Like an interval scale, the same difference at two places on the scale has the same meaning. And
in addition, the same ratio at two places on the scale also carries the same meaning. In other
words, In addition to possessing the qualities of nominal, ordinal, and interval scales, a ratio scale
has an absolute zero (a point where none of the quality being measured exists).
Using a ratio scale permits comparisons such as being twice as high, or one-half as much.
Reaction time (how long it takes to respond to a signal of some sort) uses a
ratio scale of measurement -- time.
Although an individual's reaction time is always greater than zero, we conceptualize a zero point
in time, and can state that a response of 24 milliseconds is twice as fast as a response time of 48
milliseconds. Example in what do you know?
In memory experiments, the dependent variable is often the number of items correctly recalled.
What scale of measurement is this? You could reasonably argue that it is a ratio scale. First, there
is a true zero point: some subjects may get no items correct at all. Moreover, a difference of one
represents a difference of one item recalled across the entire scale.

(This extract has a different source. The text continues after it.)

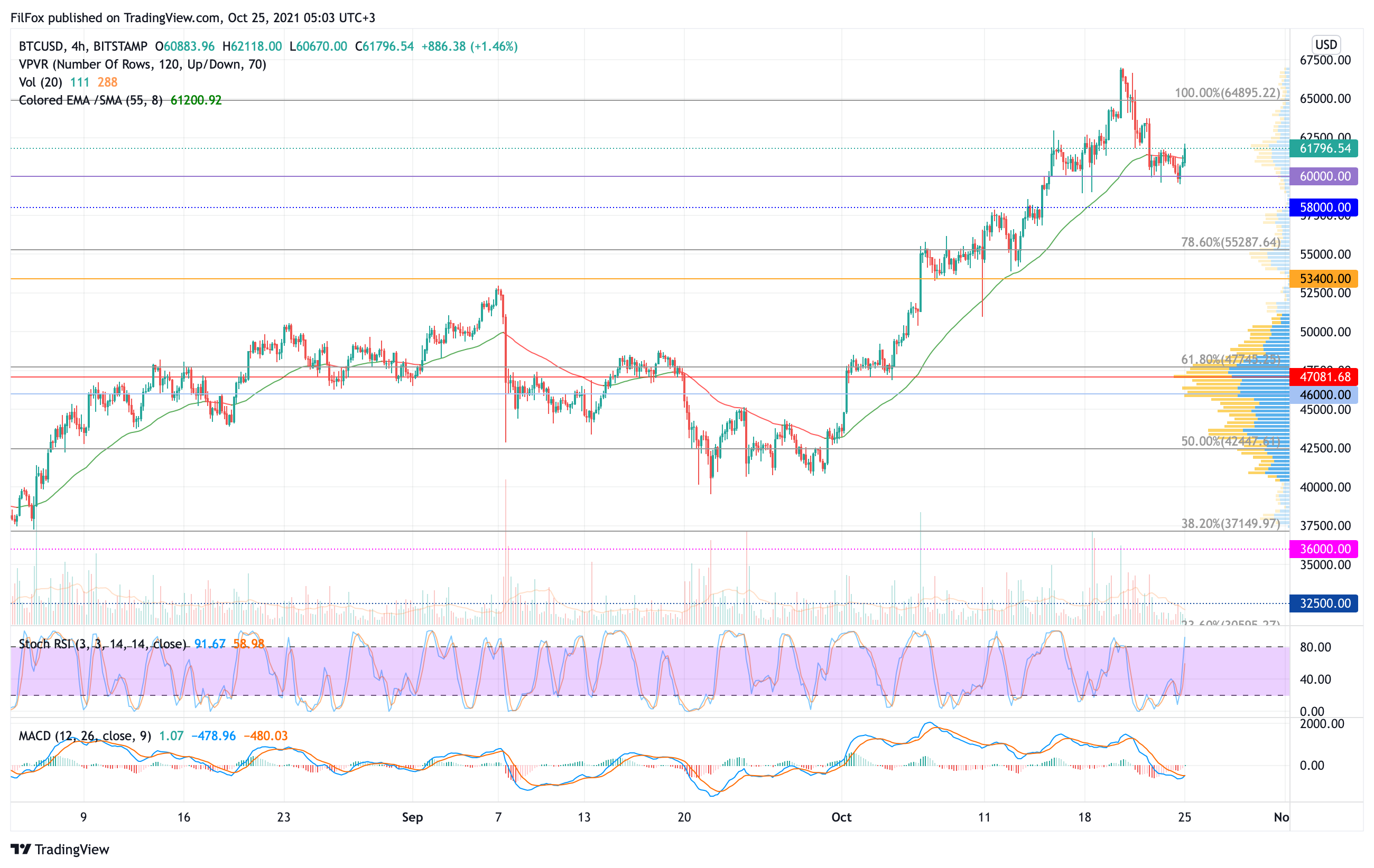 На прошедших выходных объёмы торгов были ниже среднего уровня. Цена биткоина несколько раз смогла проколоть психологический уровень 60000.00 USD, но медведям так и не удалось сформировать мощный импульс, который бы прорвал эту сильную поддержку.

It is certainly valid to say that
someone who recalled 12 items recalled twice as many items as someone who recalled only 6
items. However, these words must be roughly the same level of difficulty.
Other Examples
a. Ruler: inches or centimeters
b. Years of work experience
c. Income: Money earned last year
d. Memory – number of correctly remembered items from a list of words (if equal difficulty)
19
e. GPA: Grade point average
f. Number of children a couple has
Ratio – A 24-hr. time format has an absolute 0 (midnight); 14 o'clock is twice as long from
midnight as 7 o'clock
ADDITIONAL NOTES
• The level of measurement for a particular variable is defined by the highest category that it
achieves.
If we categorize people 1 = shy, 2 = neither shy nor outgoing, 3 = outgoing, then we have an
ordinal level of measurement. If we use a standardized measure of shyness (and there are such
inventories), we would probably assume the shyness variable meets the standards of an interval
level of measurement.
• As to whether or not we might have a ratio scale of shyness, although we might be able to
measure zero shyness, it would be difficult to devise a scale where we would be comfortable
talking about someone's being 3 times as shy as someone else.

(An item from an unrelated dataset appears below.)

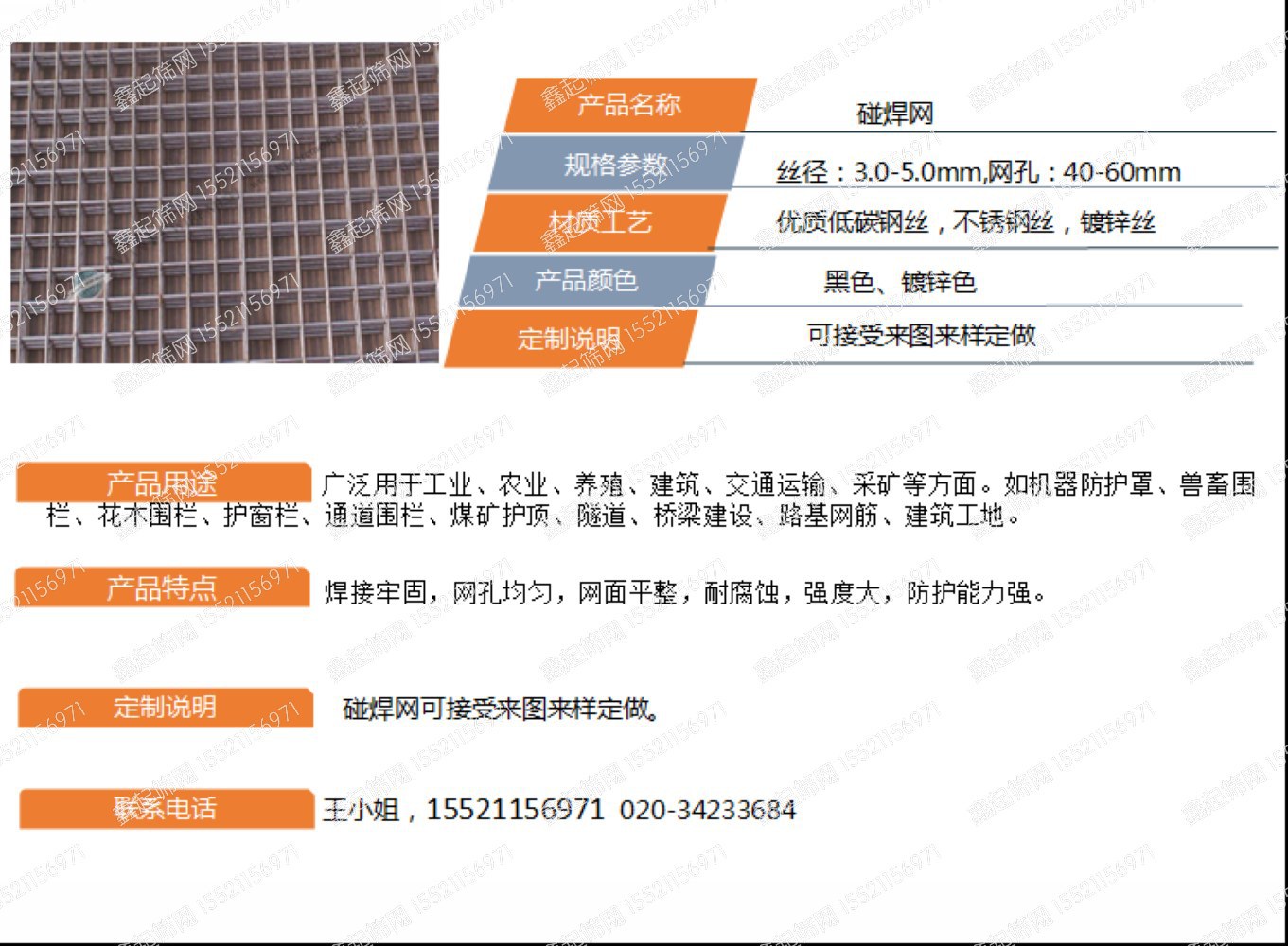 3、工艺:碰焊网是用不锈钢丝、电镀锌丝、冷镀锌丝,pvc丝,铁丝等碰焊而成,

• Measurement at the interval or ratio level is desirable because we can use the more powerful
statistical procedures available for Means and Standard Deviations. To have this advantage, often
ordinal data are treated as though they were interval; for example, subjective ratings scales
(1 = poor, 2 = fair, 3 = good, 4 = excellent). The scale probably does not meet the requirement of
equal intervals -- we don't know that the difference between 1 (poor) and 2 (fair) is the same as
the difference between 3(good) and 4 (excellent).
• In order to take advantage of more powerful statistical techniques, researchers often assume
that the intervals are equal.
20
CHAPTER THREE
TEST
Formal and Informal Assessment
There are two major approaches to assessment. These are the Formal and Informal
assessment.
Formal Assessment: This is also known as test technique (pencil and paper test). As described
by Passing, it is that type of test done at the end of a lesson, topic unit, school term or year, etc.
It is planned or structured or well designed. In formal assessment, the design may be objective
test or essay type test. It is quantitative in nature.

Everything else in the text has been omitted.